Please repeat the whole listing exactly, but leave the pictures out.
========================================================================
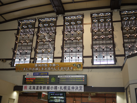 小樽駅はちょっとレトロ風で、駅の明かりもこんなおしゃれなランプでした。
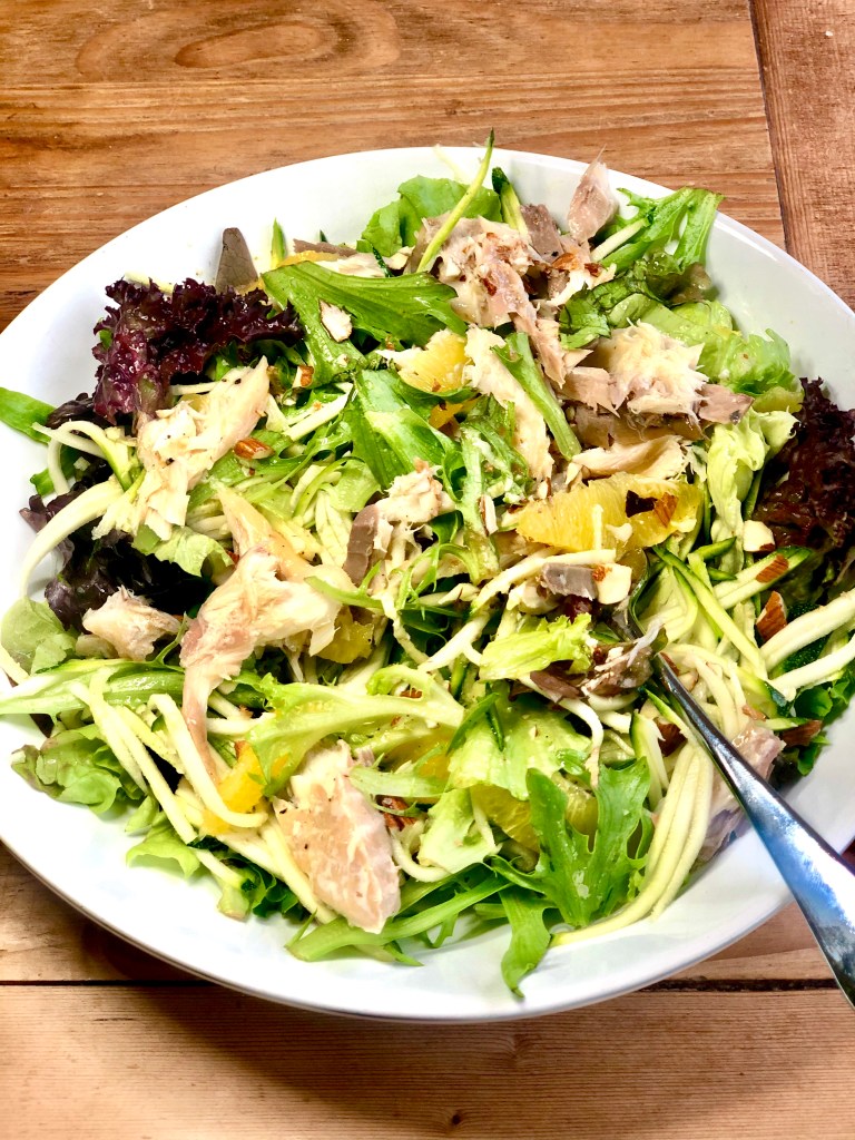 I’d forgotten all about this salad, then remembered it when standing staring inside the fridge looking for something for lunch and spotted some mackerel and half an orange – eureka! Consequently I’ve eaten it twice this week. Yums. I’ve even managed to get my salad hating teenager to admit that its ‘ok’. High praise indeed.
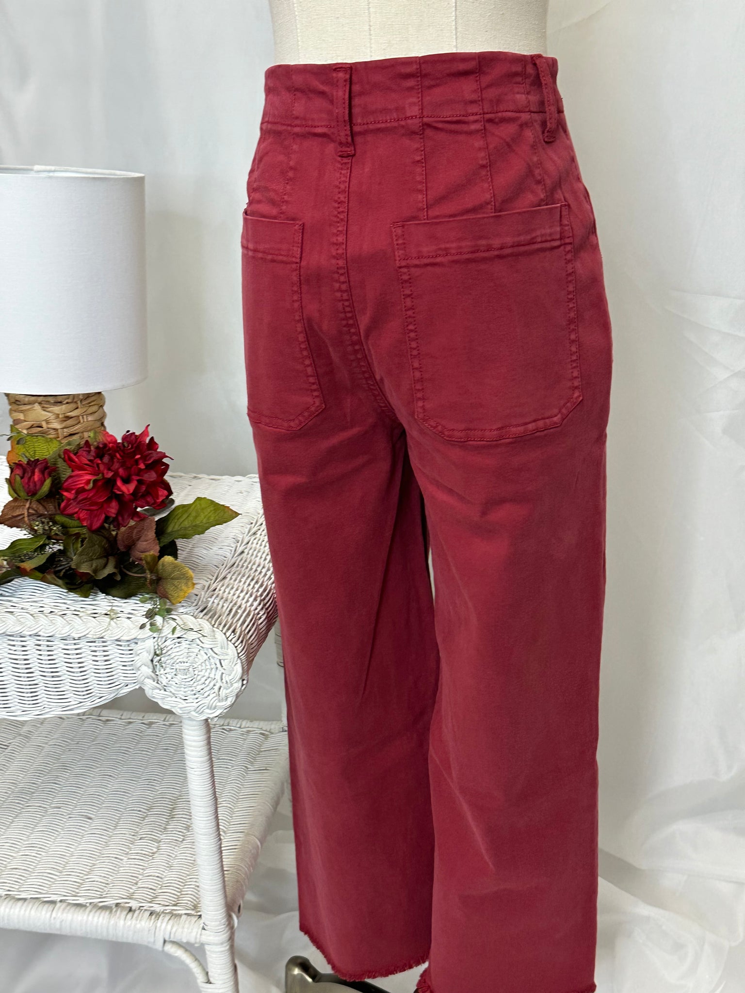 The Bella High Rise Crop offers a tailored fit with belt loops for easy accessorizing. Featuring a button front and zipper closure, these pants combine practicality with style. The back pockets add both a classic look and convenient storage, making them a versatile addition to your wardrobe. Crafted to sit high on the waist, they provide flattering support and a modern cropped length.
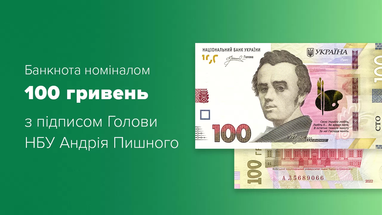 Национальный банк с 19 декабря 2022 выпускает в обращение банкноты номиналом 100 гривен образца 2014 — с подписью председателя Национального банка Украины Андрея Пышного и отражением на них года выпуска.
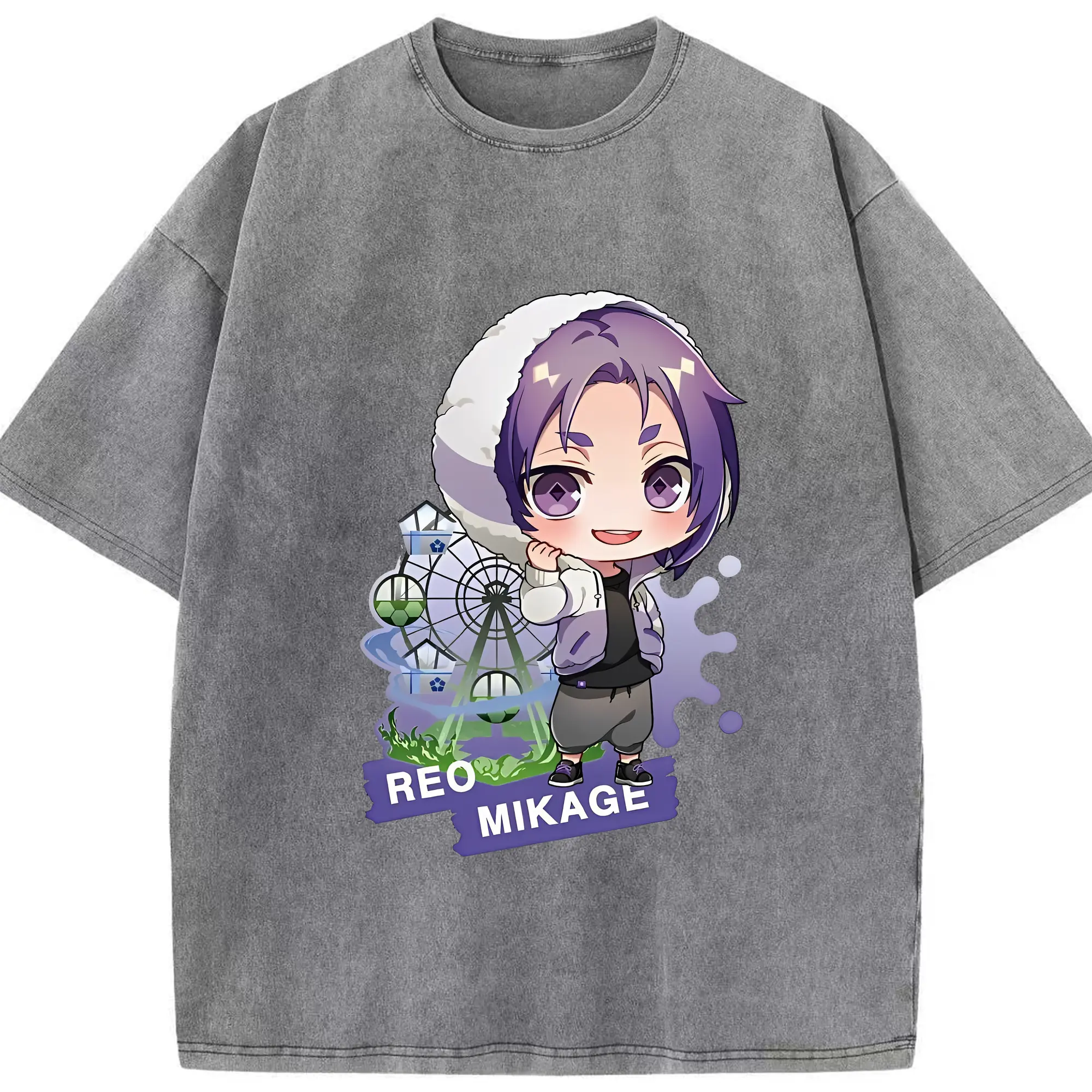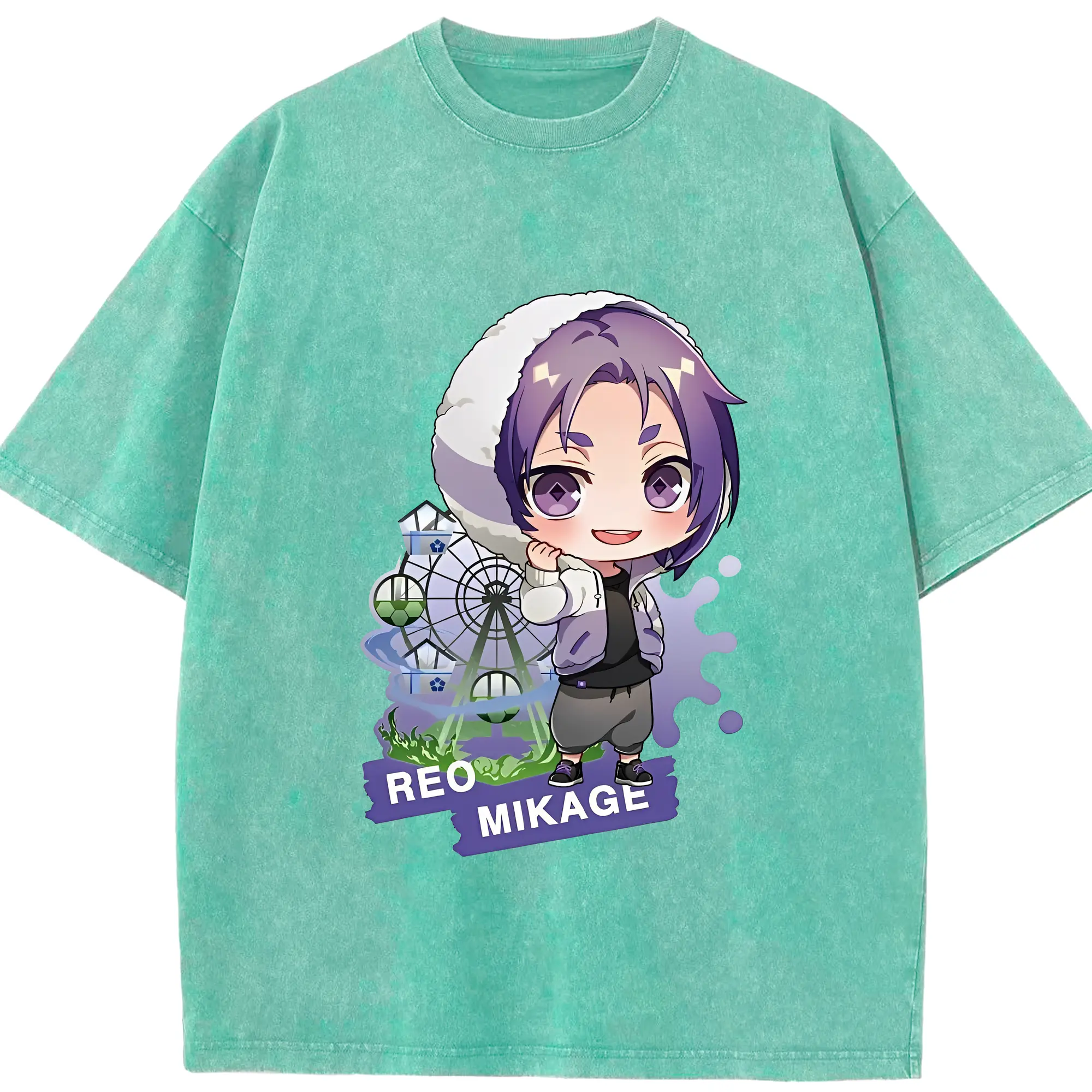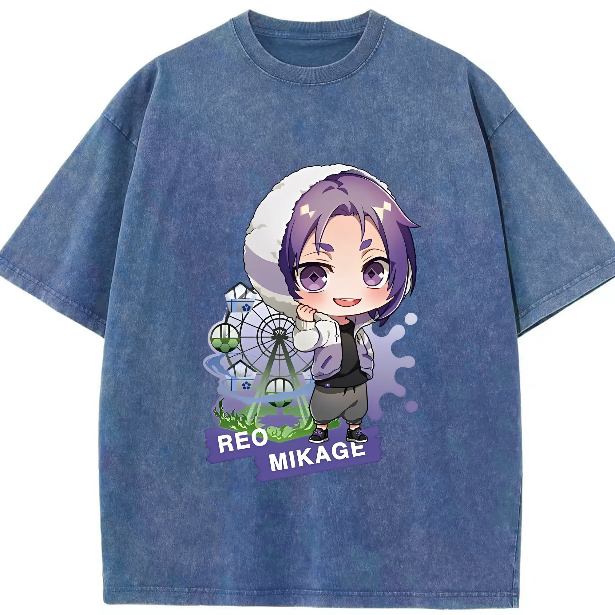 ブルーロック グッズ 御影 玲王 - 綿100% ヴィンテージ風 半袖Tシャツ ・ 背面プリント ・ 柔らか肌触り ・ 通気性 快適 ・ スポーツ カジュアル 外出用
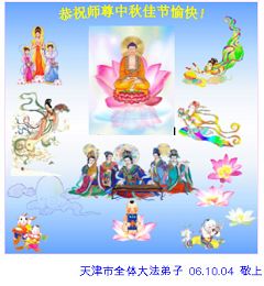 Tous les pratiquants de Falun Dafa de Tianjin souhaitent respectueusement au grand et vénérable Maître une joyeuse Fête de la Lune de la mi-automne!
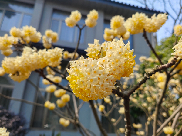 接着我们来到了著名的杨公堤,这个时节的杨公堤上,沐着丝丝凉意的微风,呼吸着清新的空气,时不时出现一两棵桃树、樱花、垂丝海棠,会让人情不自禁的展开笑意。在杨公堤行走约一两公里,我们到达了今天中午就餐的西湖国宾馆。宾馆位于西湖的核心,被誉为“西湖里的西湖”。庭院内建筑精巧、曲廊修竹、古木奇石、一步一景。让大家都很期待的西湖国宾馆百年玉兰花王开了!玉兰花伫立西子湖畔,肆意绽放,美得傲骨,淡雅又迷人。春风拂面,馥郁花香随风而来。
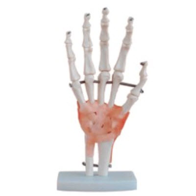 产品说明:这款模型显示手部解剖结构,可展示各种手功能。包含可弯曲的人工韧带。自然大,有底座。
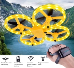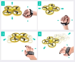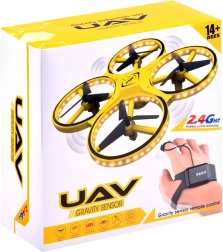Quadcopter UAV Gravity Sensor - is an entertaining offer for children and older ones who like flying toys. The fully plastic-made drone features fantastic LED lighting, which presents greatly in dim light. The drone is controlled with a special remote that is attached to the hand like a watch. It is operated by hand gestures and offers wide maneuvering options, a gentle hand motion is enough to change the flight direction, right-left, up-down. After launch, it stays in the air and spins 360 degrees on its own axis. The strap should be placed on the arm, move it between the thumb and fasten it with a button on the index finger. The silicone strap has 12-step width adjustment which will fit everyone. The toy is light and thus quickly ascends into the air, with 4 opposing wings increasing its stability during flight.
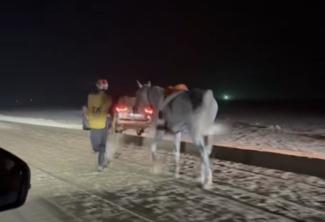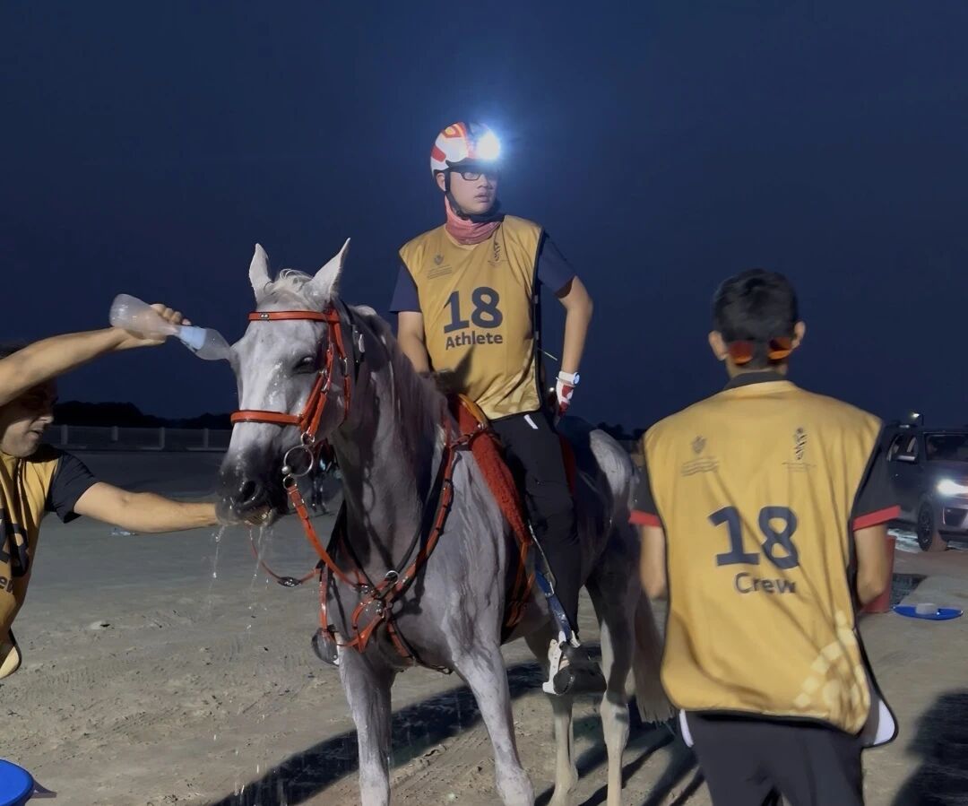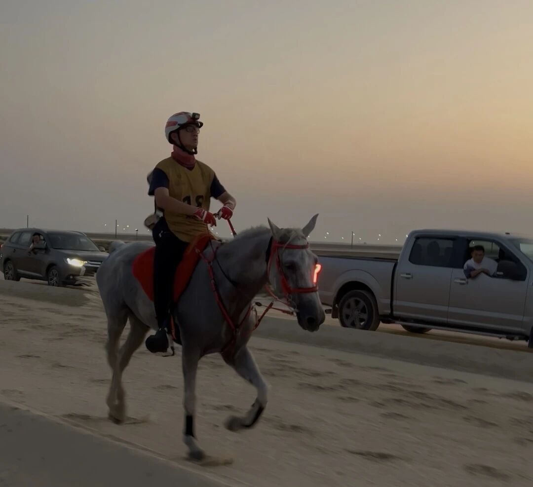 這感人的一幕,折服了現(xiàn)場(chǎng)的幾乎每一個(gè)人。已完賽的巴林隊(duì)和沙特隊(duì)的騎手、賽事組委會(huì)官員、獸醫(yī)官員組、賽事監(jiān)管官員組,在賽事直播中看到此景后,駕車折返賽道主動(dòng)相伴,用不同語言為他加油,打開車燈給他照亮了前往終點(diǎn)的路;嚴(yán)格監(jiān)督的賽事裁判,目光中充滿了驚嘆與敬意,此刻的場(chǎng)景已跨越國(guó)界和比賽本身。
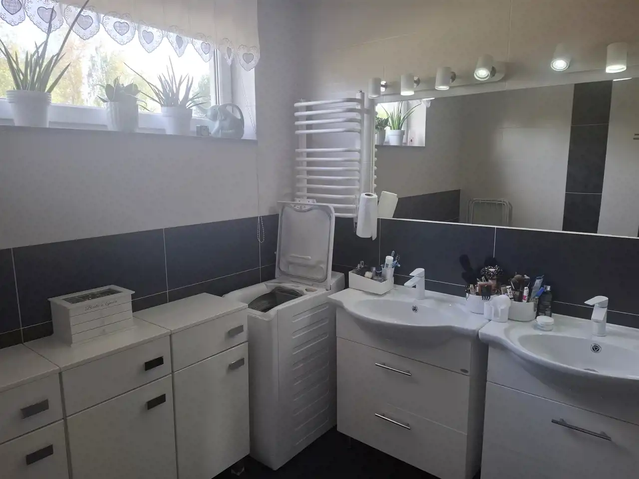 W piwnicy znajduje się również pomieszczenie, które obecnie spełnia rolę garderoby ale można zmienić jego funkcje. No i teraz najważniejsze również w części piwnicznej jest bardzo duży prawie 40 m2 pokój, który może stać się męską jaskinią, pokojem gier i zabaw lub własną siłownią. Koncepcji na zaaranżowanie tej przestrzeni jest bardzo dużo.
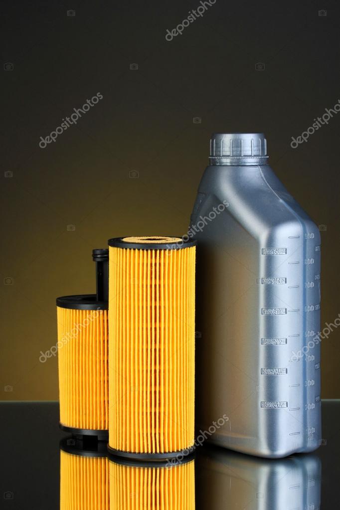Car Oil Filters And Motor Oil Can On Dark Color Background
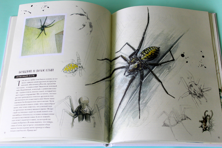 В книге есть два исключения, об этом автор предупреждает в начале книги, хоть книга и посвящена насекомым, но он не удержался и поместил в неё паука и многоножку, уж очень хотелось про них рассказать).
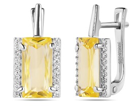 Серьги с фианитом родированные серебро 925*
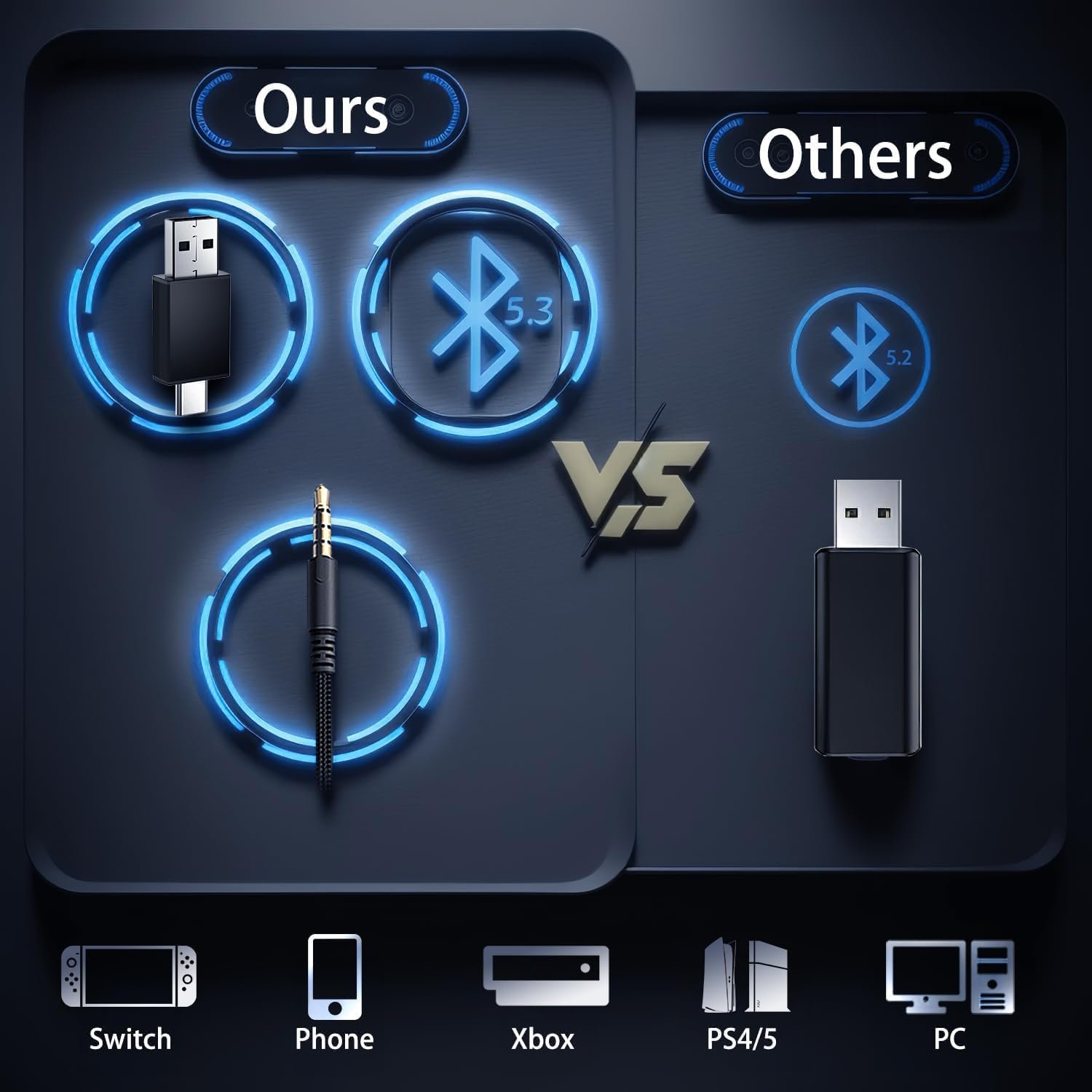 ❤【Compatible with Multiple Gaming Devices】The wireless headphones offer three connection options: Bluetooth + 2.4GHz USB transmitter + wired audio cable, ensuring wide compatibility. 2.4G 2 in 1 USB transmitter is suitable for PS4, PS5, PC, Switch and mobile devices; Bluetooth mode is suitable for mobile phones, Mac, laptops, etc.; 3.5mm wired mode
========================================================================
-- EXERCISE RESULT --
 小樽駅はちょっとレトロ風で、駅の明かりもこんなおしゃれなランプでした。
 I’d forgotten all about this salad, then remembered it when standing staring inside the fridge looking for something for lunch and spotted some mackerel and half an orange – eureka! Consequently I’ve eaten it twice this week. Yums. I’ve even managed to get my salad hating teenager to admit that its ‘ok’. High praise indeed.
 The Bella High Rise Crop offers a tailored fit with belt loops for easy accessorizing. Featuring a button front and zipper closure, these pants combine practicality with style. The back pockets add both a classic look and convenient storage, making them a versatile addition to your wardrobe. Crafted to sit high on the waist, they provide flattering support and a modern cropped length.
 Национальный банк с 19 декабря 2022 выпускает в обращение банкноты номиналом 100 гривен образца 2014 — с подписью председателя Национального банка Украины Андрея Пышного и отражением на них года выпуска.
 ブルーロック グッズ 御影 玲王 - 綿100% ヴィンテージ風 半袖Tシャツ ・ 背面プリント ・ 柔らか肌触り ・ 通気性 快適 ・ スポーツ カジュアル 外出用
 Tous les pratiquants de Falun Dafa de Tianjin souhaitent respectueusement au grand et vénérable Maître une joyeuse Fête de la Lune de la mi-automne!
 接着我们来到了著名的杨公堤,这个时节的杨公堤上,沐着丝丝凉意的微风,呼吸着清新的空气,时不时出现一两棵桃树、樱花、垂丝海棠,会让人情不自禁的展开笑意。在杨公堤行走约一两公里,我们到达了今天中午就餐的西湖国宾馆。宾馆位于西湖的核心,被誉为“西湖里的西湖”。庭院内建筑精巧、曲廊修竹、古木奇石、一步一景。让大家都很期待的西湖国宾馆百年玉兰花王开了!玉兰花伫立西子湖畔,肆意绽放,美得傲骨,淡雅又迷人。春风拂面,馥郁花香随风而来。
 产品说明:这款模型显示手部解剖结构,可展示各种手功能。包含可弯曲的人工韧带。自然大,有底座。
Quadcopter UAV Gravity Sensor - is an entertaining offer for children and older ones who like flying toys. The fully plastic-made drone features fantastic LED lighting, which presents greatly in dim light. The drone is controlled with a special remote that is attached to the hand like a watch. It is operated by hand gestures and offers wide maneuvering options, a gentle hand motion is enough to change the flight direction, right-left, up-down. After launch, it stays in the air and spins 360 degrees on its own axis. The strap should be placed on the arm, move it between the thumb and fasten it with a button on the index finger. The silicone strap has 12-step width adjustment which will fit everyone. The toy is light and thus quickly ascends into the air, with 4 opposing wings increasing its stability during flight.
 這感人的一幕,折服了現(xiàn)場(chǎng)的幾乎每一個(gè)人。已完賽的巴林隊(duì)和沙特隊(duì)的騎手、賽事組委會(huì)官員、獸醫(yī)官員組、賽事監(jiān)管官員組,在賽事直播中看到此景后,駕車折返賽道主動(dòng)相伴,用不同語言為他加油,打開車燈給他照亮了前往終點(diǎn)的路;嚴(yán)格監(jiān)督的賽事裁判,目光中充滿了驚嘆與敬意,此刻的場(chǎng)景已跨越國(guó)界和比賽本身。
 W piwnicy znajduje się również pomieszczenie, które obecnie spełnia rolę garderoby ale można zmienić jego funkcje. No i teraz najważniejsze również w części piwnicznej jest bardzo duży prawie 40 m2 pokój, który może stać się męską jaskinią, pokojem gier i zabaw lub własną siłownią. Koncepcji na zaaranżowanie tej przestrzeni jest bardzo dużo.
Car Oil Filters And Motor Oil Can On Dark Color Background
 В книге есть два исключения, об этом автор предупреждает в начале книги, хоть книга и посвящена насекомым, но он не удержался и поместил в неё паука и многоножку, уж очень хотелось про них рассказать).
 Серьги с фианитом родированные серебро 925*
 ❤【Compatible with Multiple Gaming Devices】The wireless headphones offer three connection options: Bluetooth + 2.4GHz USB transmitter + wired audio cable, ensuring wide compatibility. 2.4G 2 in 1 USB transmitter is suitable for PS4, PS5, PC, Switch and mobile devices; Bluetooth mode is suitable for mobile phones, Mac, laptops, etc.; 3.5mm wired mode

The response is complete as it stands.